▸ Source data:
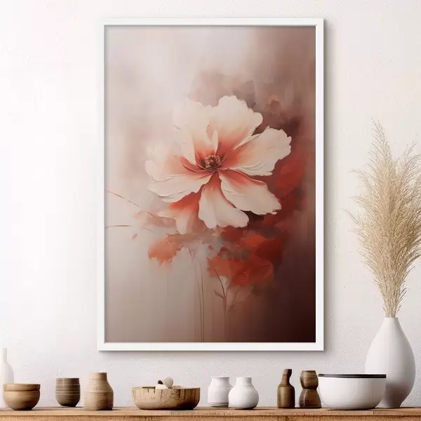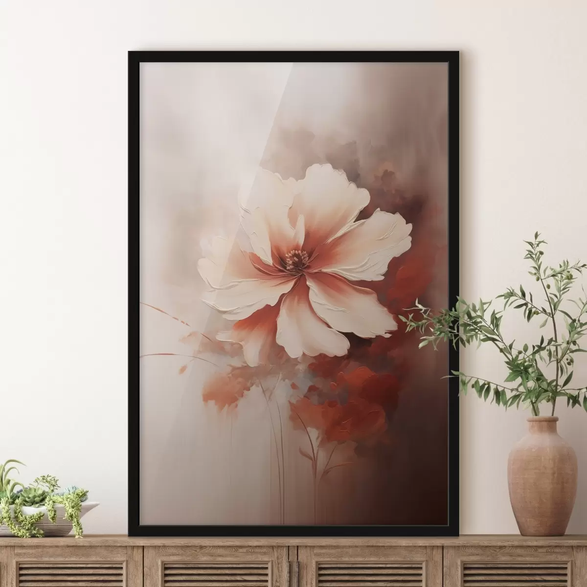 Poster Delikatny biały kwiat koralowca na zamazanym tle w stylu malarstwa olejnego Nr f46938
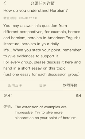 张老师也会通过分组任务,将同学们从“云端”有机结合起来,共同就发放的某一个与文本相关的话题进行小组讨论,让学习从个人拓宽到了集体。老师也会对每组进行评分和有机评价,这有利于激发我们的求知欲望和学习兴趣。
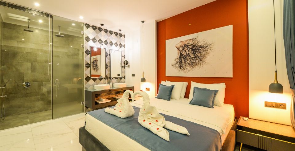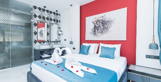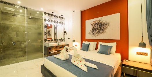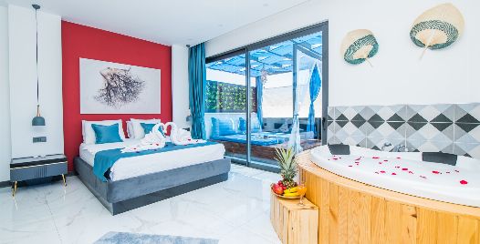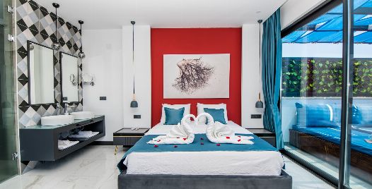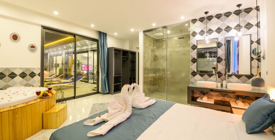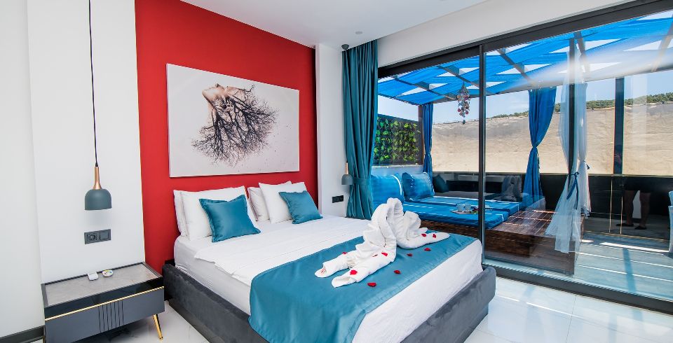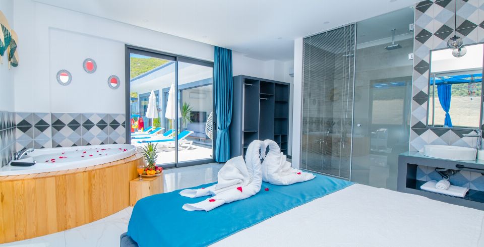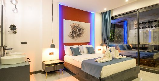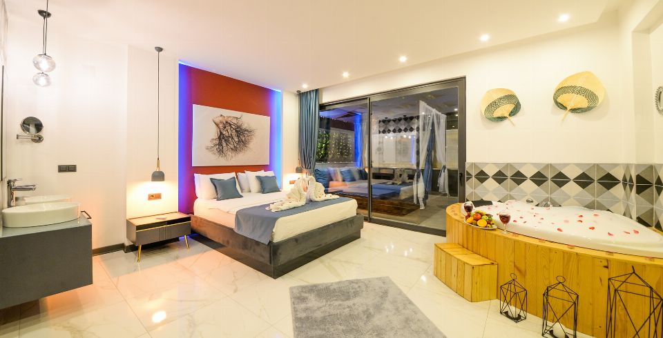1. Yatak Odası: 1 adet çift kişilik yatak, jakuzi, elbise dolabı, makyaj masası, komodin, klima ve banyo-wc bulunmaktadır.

▸ Instructions to follow:
Take the material above and set it down exactly, minus the images.

▸ Result for this task:
 Poster Delikatny biały kwiat koralowca na zamazanym tle w stylu malarstwa olejnego Nr f46938
 张老师也会通过分组任务,将同学们从“云端”有机结合起来,共同就发放的某一个与文本相关的话题进行小组讨论,让学习从个人拓宽到了集体。老师也会对每组进行评分和有机评价,这有利于激发我们的求知欲望和学习兴趣。
1. Yatak Odası: 1 adet çift kişilik yatak, jakuzi, elbise dolabı, makyaj masası, komodin, klima ve banyo-wc bulunmaktadır.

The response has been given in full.